The fact that I only used Harry Potter gifs above illustrates my point perfectly: Awkward was my middle name for a really long time. I have nothing against the word itself; those seven little letters that once won my grandmother a spelling bee, arguably one of the most common uses of the frequently ignored letter “k,” title of a popular MTV show. I don’t think most of us realize how often this seemingly harmless word appears in our daily lives.
That is, until we try to give it up, which I decided to do back in August.
As I looked ahead to junior year, I was recovering from a stinging blow to my self-worth that had taken up much of my sophomore year. Though I had finally begun to love myself, crowds and any type of social interaction still made me nervous. I replayed conversations constantly in my head, wishing I could have done a million things differently. There would be brief moments where I stopped and considered how small of a deal it was that I tripped in front of a cute boy, but most of the time, I lived in terror of being awkward.

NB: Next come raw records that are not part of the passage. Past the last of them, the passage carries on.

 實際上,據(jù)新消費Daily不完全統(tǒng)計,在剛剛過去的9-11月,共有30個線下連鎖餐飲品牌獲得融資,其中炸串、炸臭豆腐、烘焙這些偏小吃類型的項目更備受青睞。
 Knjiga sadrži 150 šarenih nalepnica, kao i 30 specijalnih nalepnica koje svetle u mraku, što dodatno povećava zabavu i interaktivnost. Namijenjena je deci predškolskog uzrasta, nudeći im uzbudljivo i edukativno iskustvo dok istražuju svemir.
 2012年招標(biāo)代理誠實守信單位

This word was my incredibly overused response to just about everything. Waving to someone who doesn’t see me and wave back? Awkward. Tripping up the stairs? Awkward. Stuttering because I don’t know what to say? Awkward. Over the summer, I gradually realized that I used the word “awkward” so much that it had become part of my identity. It shaped the way I viewed myself, which in turn shaped my relationships with friends and family. In general, this word just brought me down.

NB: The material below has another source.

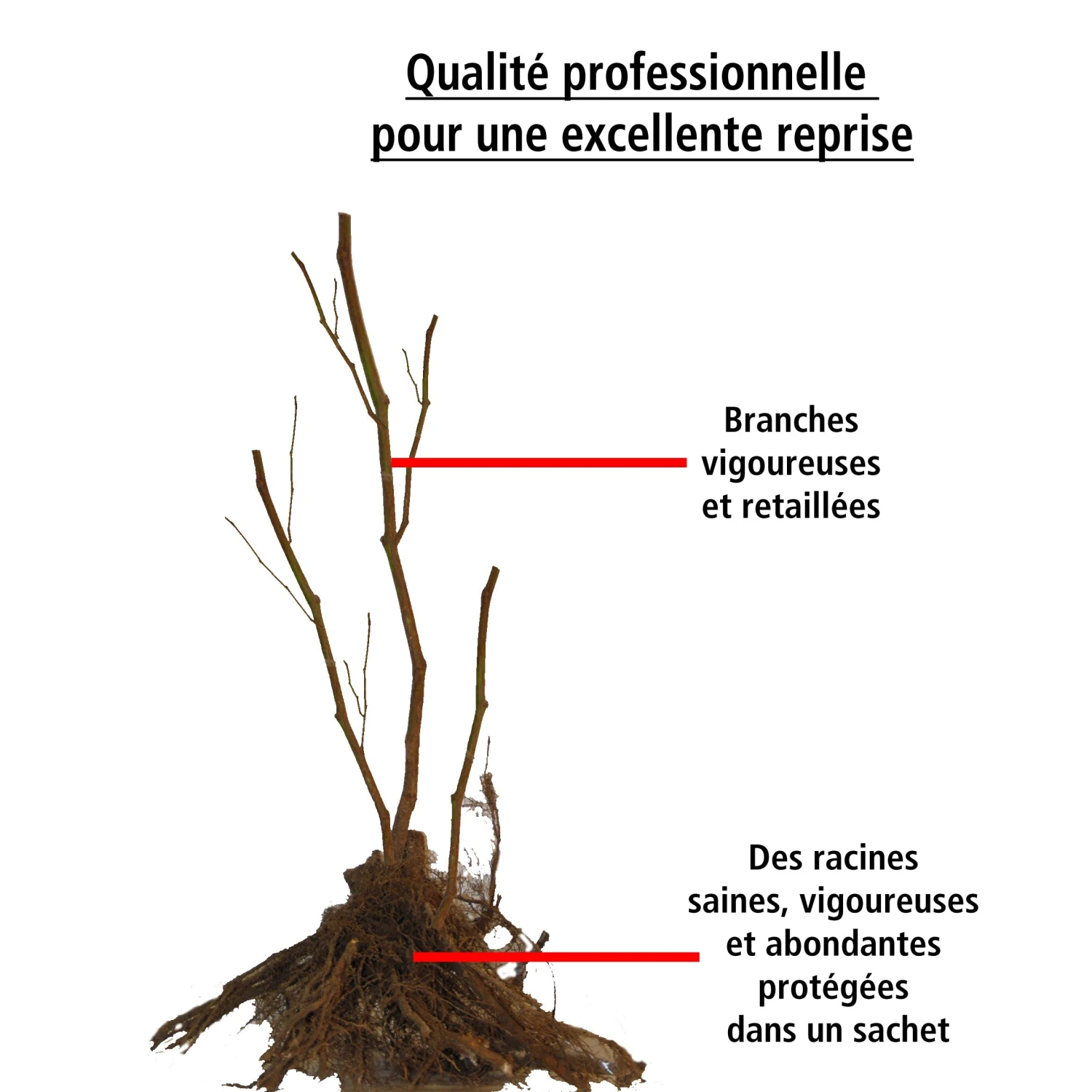 Les Rubus Idaeus Versailles, plus communĂ©ment appelĂ©s Framboisiers remontants Versailles, sont une variĂ©tĂ© remontante de la famille des Rosaceae. Originaires d’Europe et d’Asie tempĂ©rĂ©e, ils sont relativement communs. De plus, leur culture ne prĂ©sente pas de difficultĂ© particuliĂšre, d’autant que les arbustes qu’ils forment n’ont pas d’Ă©pines, ce qui facilite la rĂ©colte. Ce type de framboisiers a le mĂ©rite de produire des fruits rouges de belle taille, d’une dizaine de grammes environ, au goĂ»t prononcĂ©. AprĂšs que leurs bourgeons soient Ă©clos en de petites fleurs blanches, la fructification s’Ă©tale sur la pĂ©riode estivale, de juin Ă mi-octobre, avec une baisse de rendement au milieu de l’Ă©tĂ©. En somme, les framboisiers remontants Versailles apportent de la couleur au jardin, du haut de leur 1,50 m Ă maturitĂ©.

So, I decided to give it up.
Spending the past two months without the word “awkward” has been nothing short of phenomenal. Losing this word is definitely an ongoing process: I still grimace when I don’t know how to end a conversation, or when someone goes for the high-five when I go for the hug. But I no longer think of myself as perpetually, unchangeably awkward, and I no longer live in fear of being so. It’s made all the difference in the way I carry myself in public, the way I interact with my friends, the way I introduce myself to new acquaintances. As I’ve abandoned awkward in exchange for better descriptors, I’ve learned that viewing yourself positively can transform everything. So ditch the negativity, and maybe even a few vocabulary words. Building yourself up is infinitely better than tearing yourself down.